For recall, those are a few models for classification that output a score. Try to display their ROC curve as well. See slides 28-33 from the theoretical course for more information.

7.8.2. More models#

First, this model compute the mean of the two classes clusters, and then computes the score as a function of the distance between the query point and those two means.

def MD(X, Y, q):
    N_local = len(Y)
    n = X.shape[1]
    I1_local = np.where(Y == 1)[0]
    I0_local = np.where(Y == 0)[0]
    mu1 = np.mean(X[I1_local, :], axis=0)
    mu0 = np.mean(X[I0_local, :], axis=0)
    d1 = np.sum((q - mu1) ** 2)
    d0 = np.sum((q - mu0) ** 2)
    return np.exp(-d1) / (np.exp(-d1) + np.exp(-d0))

def QDA(Xtr, Ytr, q):
    n = Xtr.shape[1]
    Ntr = Xtr.shape[0]
    I0_local = np.where(Ytr == 0)[0]
    I1_local = np.where(Ytr == 1)[0]
    P0 = len(I0_local) / Ntr
    P1 = 1 - P0
    mu0 = np.mean(Xtr[I0_local, :], axis=0)
    Sigma0 = np.cov(Xtr[I0_local, :], rowvar=False)
    mu1 = np.mean(Xtr[I1_local, :], axis=0)
    Sigma1 = np.cov(Xtr[I1_local, :], rowvar=False)
    xts = np.array([q])
    diff0 = xts - mu0
    inv_Sigma0 = np.linalg.inv(Sigma0)
    quad0 = diff0.dot(inv_Sigma0).dot(diff0.T)[0, 0]
    g0 = -0.5 * quad0 - n/2 * np.log(2 * np.pi) - 0.5 * np.log(np.linalg.det(Sigma0)) + np.log(P0)
    diff1 = xts - mu1
    inv_Sigma1 = np.linalg.inv(Sigma1)
    quad1 = diff1.dot(inv_Sigma1).dot(diff1.T)[0, 0]
    g1 = -0.5 * quad1 - n/2 * np.log(2 * np.pi) - 0.5 * np.log(np.linalg.det(Sigma1)) + np.log(P1)
    return np.exp(g1) / (np.exp(g0) + np.exp(g1))

def LDA(Xtr, Ytr, q):
    n = Xtr.shape[1]
    Ntr = Xtr.shape[0]
    I0_local = np.where(Ytr == 0)[0]
    I1_local = np.where(Ytr == 1)[0]
    P0 = len(I0_local) / Ntr
    P1 = 1 - P0
    sigma2 = np.mean(np.var(Xtr, axis=0, ddof=1))
    mu0 = np.mean(Xtr[I0_local, :], axis=0)
    mu1 = np.mean(Xtr[I1_local, :], axis=0)
    g0 = -1/(2*sigma2) * np.linalg.norm(q-mu0) + np.log(P0)
    g1 = -1/(2*sigma2) * np.linalg.norm(q-mu1) + np.log(P1)
    return np.exp(g1) / (np.exp(g0) + np.exp(g1))

7.9. Unequal costs#

When the cost associated with False Negatives and False Positive are not equal, the computation cannot be used as is.
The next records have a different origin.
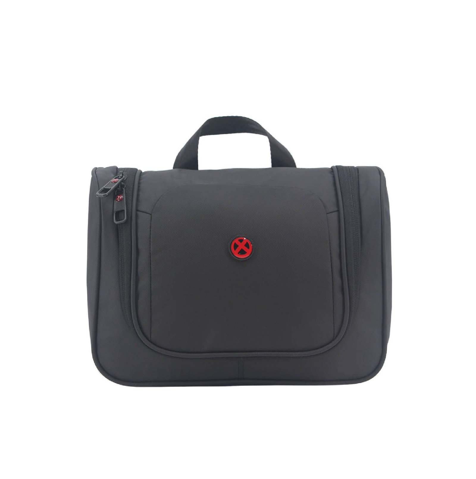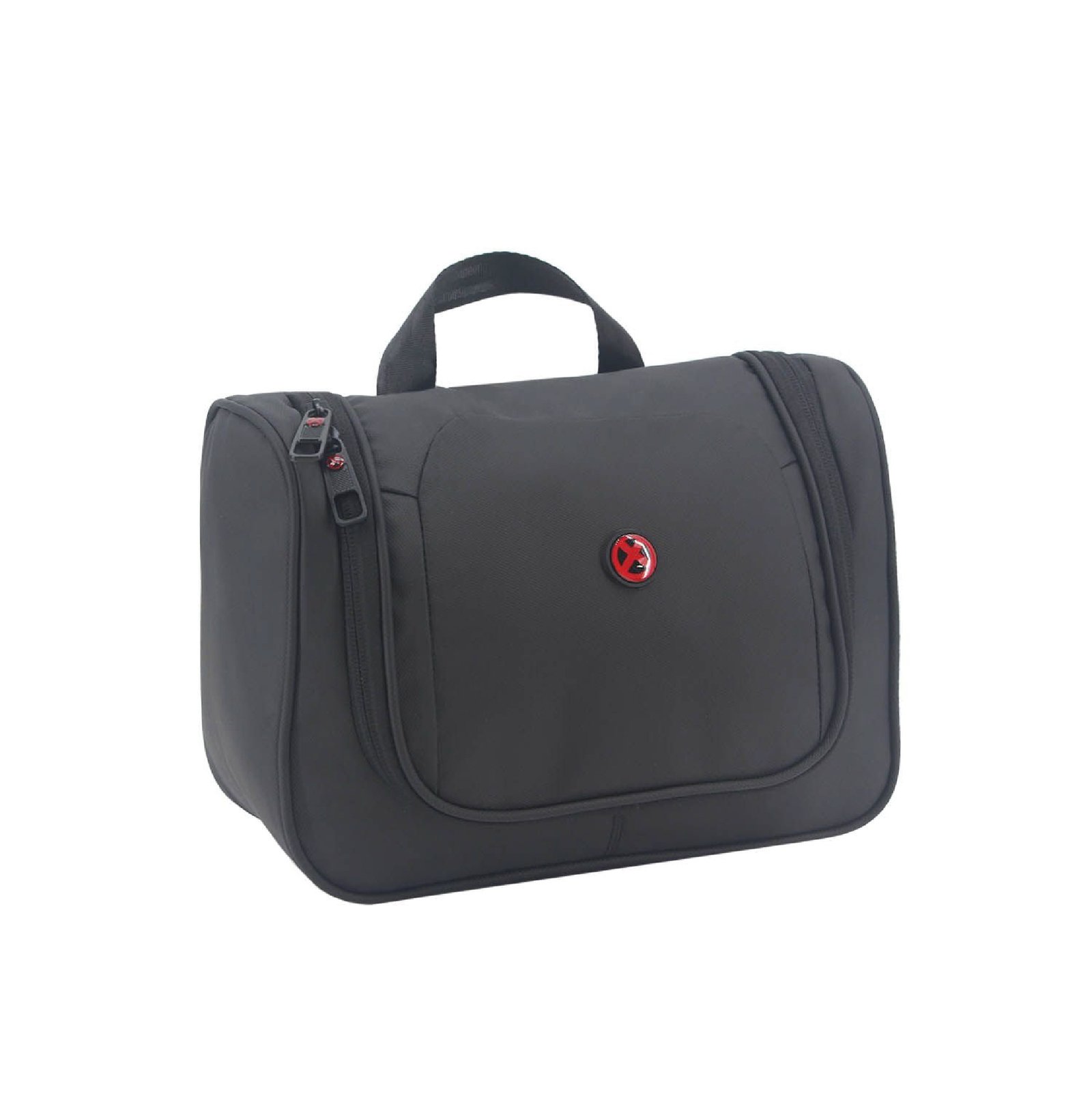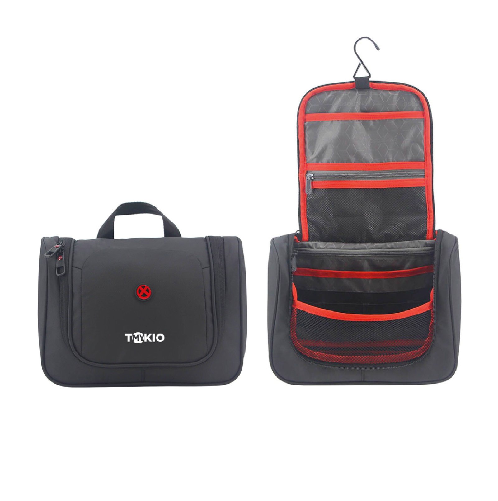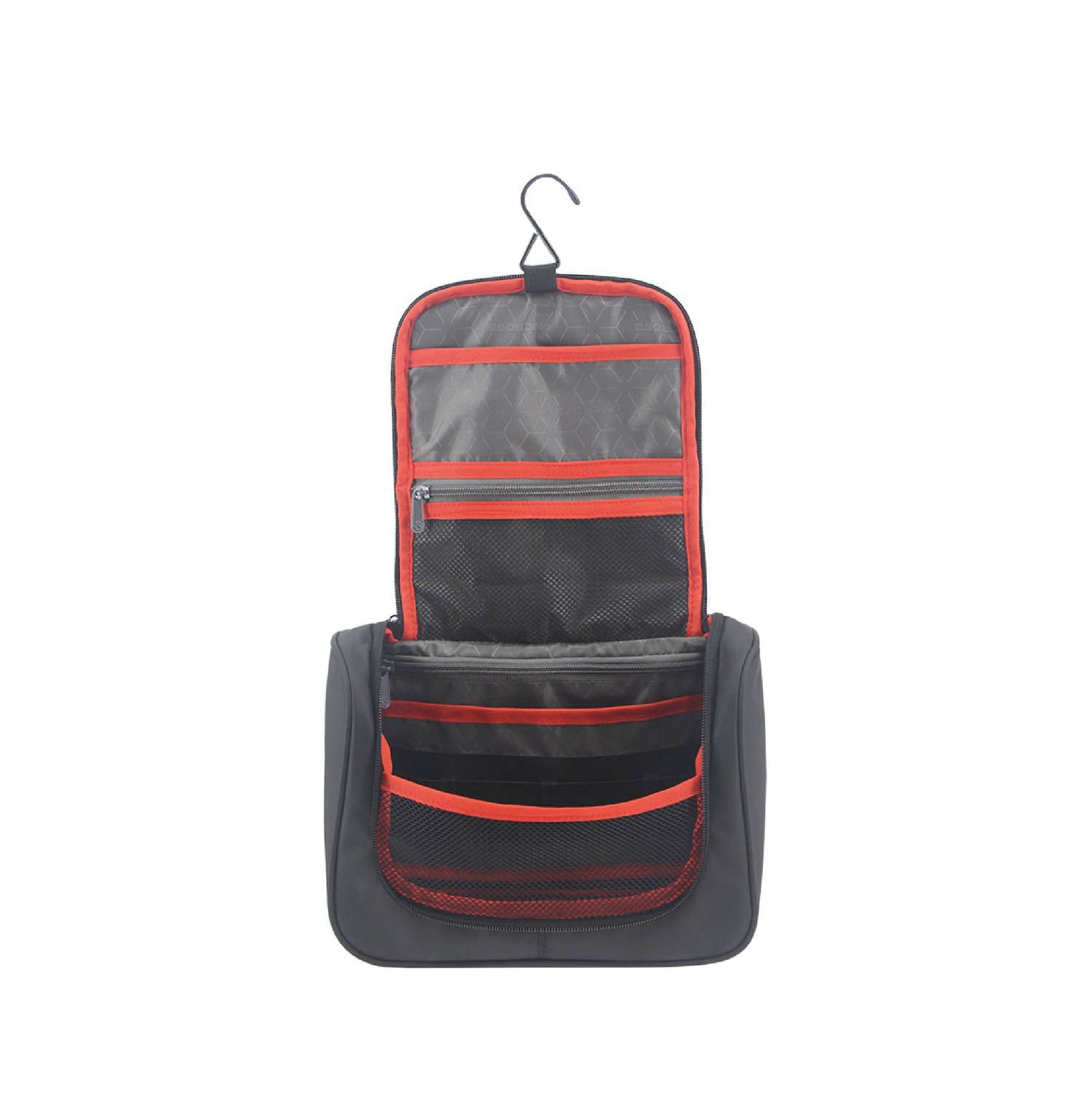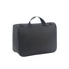 Neceser con varios compartimentos interno, ideal para organizar tus artículos| Material: Polyester | Compartimiento principal amplio con cierre | Su interior se encuentra acolchado y presenta: dos bolsillos de tela red con cierre, sujetadores elásticos y un gancho para colgar el neceser en forma desplegada | Asa superior de agarre | Medidas: 27 cm. de largo, 20 cm. de alto y 11 cm. de profundidad | Color disponible: Negro.
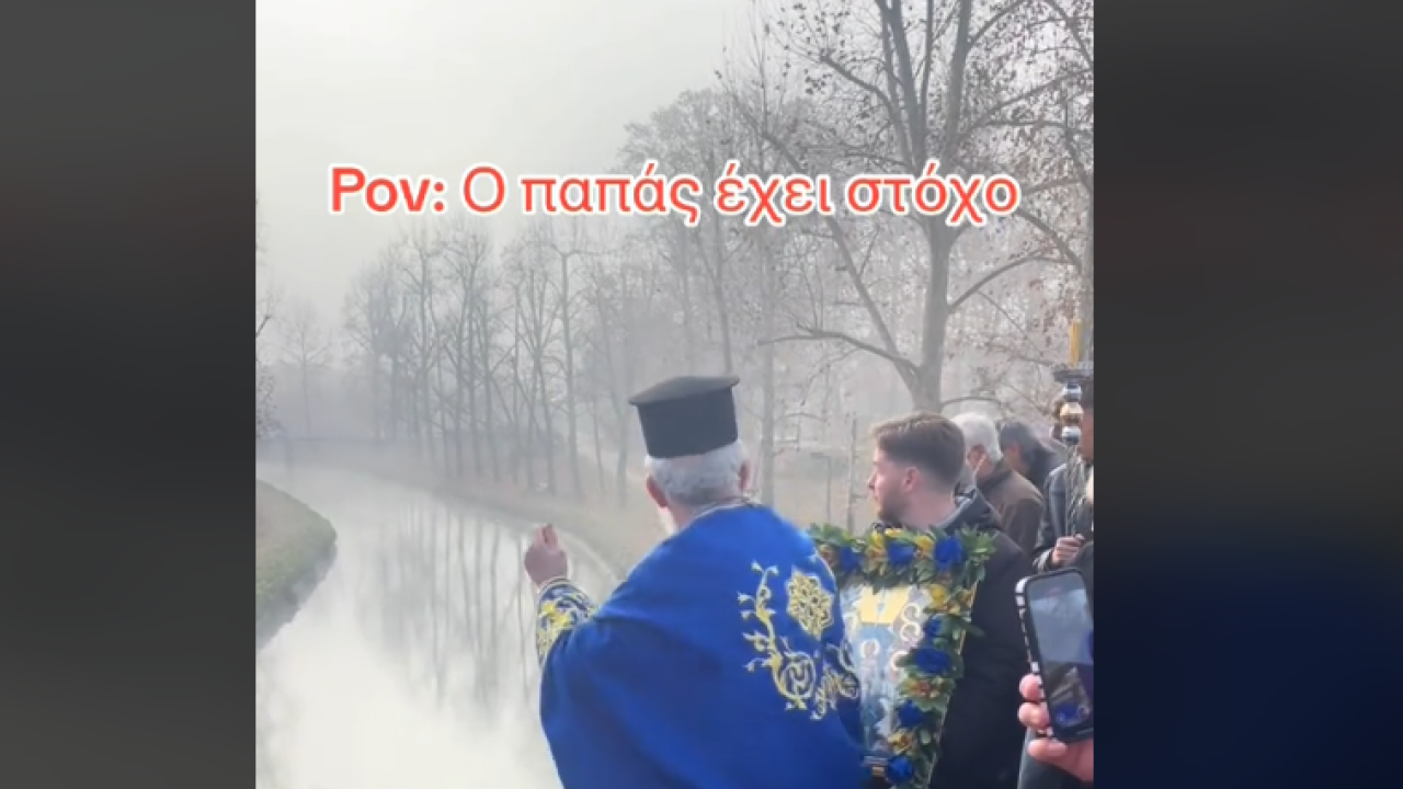 Σε μία δεύτερη προσπάθεια ο ιερέας έριξε στο νερό τον σταυρό.
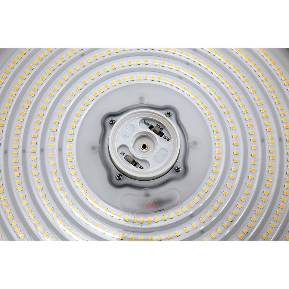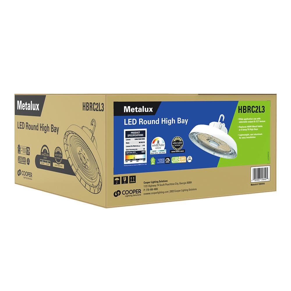 Illuminate large commercial spaces with the Metalux 13 in. Round LED High Bay Light, a versatile solution offering 400-Watt equivalent brightness while saving energy. Easily adjustable in both color temperature and lumen output, it’s ideal for warehouses, workshops, and expansive offices.
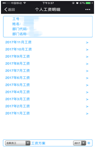 点击“工资查询”,选择年份与查询方案,可以查询每月工资明细。
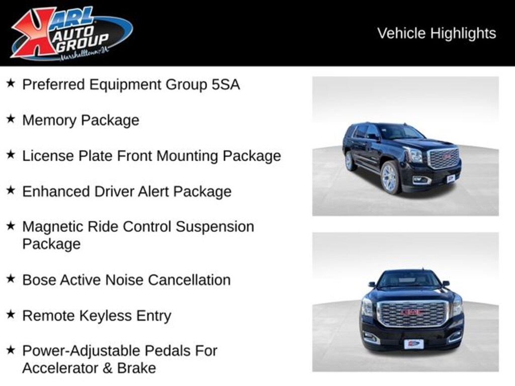 Recent Arrival! Certified. Onyx Black 2019 GMC Yukon 4D Sport Utility Denali EcoTec3 6.2L V8 14/22 City/Highway MPG 10-Speed Automatic with Overdrive 4WD, 4-Wheel Antilock Disc Brakes, 5 Auxiliary 12-volt Power Outlets, Black Assist Steps w/Chrome Strip, Bose Active Noise Cancellation, Enhanced Driver Alert Package, Forward Collision Alert, Hands Free Power Programmable Rear Liftgate, Heated Leather-Wrapped Steering Wheel, Inside Rear-View Auto-Dimming Mirror, Integrated Trailer Brake Controller, IntelliBeam Automatic High Beam On/Off, Lane Change Alert w/Side Blind Zone Alert, Lane Keep Assist w/Lane Departure Warning, License Plate Front Mounting Package, Low Speed Forward Automatic Braking, Magnetic Ride Control Suspension Package, Memory Package, Passive Entry System, Power Release 2nd Row Bucket Seats, Power Tilt & Telescopic Steering Column, Power-Adjustable Pedals For Accelerator & Brake, Preferred Equipment Group 5SA, Push Button Keyless Start, Rear Cross Traffic Alert, Remote Keyless Entry, Universal Home Remote, Wireless Charging.

Let us define two costs: \(L_{FP}\) and \(L_{FN}\). Keep in mind, here, that we consider the two other costs \(L_{TP}, L_{TN} = 0\). The expected cost for each possible decision is \(L(1|x) = P(\mathbf{y}=0|x)L_{FP}\) and \(L(0|x) = P(\mathbf{y}=1|x)L_{FN}\). The two a posteriori probabilities \(P(y|x)\) can be estimated from the data. If we have \(P(\mathbf{y}=1|x)\), for a sample \(x\), we want to assign the class that minimizes the expected cost.

We predict

\[\begin{split} \hat{y} = \begin{cases} 1, & \text{if } L(1|x) < L(0|x) \Leftrightarrow (1 - P(y=1|x)) L_{FP} < P(y=1|x) L_{FN}, \\ 0, & \text{otherwise}. \end{cases} \end{split}\]

We can rewrite this as

\[P(\mathbf{y}=1|x) > \frac{L_{FN}}{L_{FP}+L_{FN}}\]

If \(L_{FP} = L_{FN}\), then \(\frac{L_{FN}}{L_{FP}+L_{FN}} = \frac12\). This is the classic case, where we output the maximum a posteriori class.
If \(L_{FP} > L_{FN}\), then it is better to output \(y=1\), this reduces the number of FP.
Otherwise, it is better to output \(y=0\).

7.9.1. Exercise#

In the generated data, suppose that having a FN has a cost of \(1\) while having a FP has a costof \(0.2\). What is the threshold and the optimal class ?

The threshold is \(\frac{1}{1.2} = 0.833\). The optimal class is therefore the class \(0\).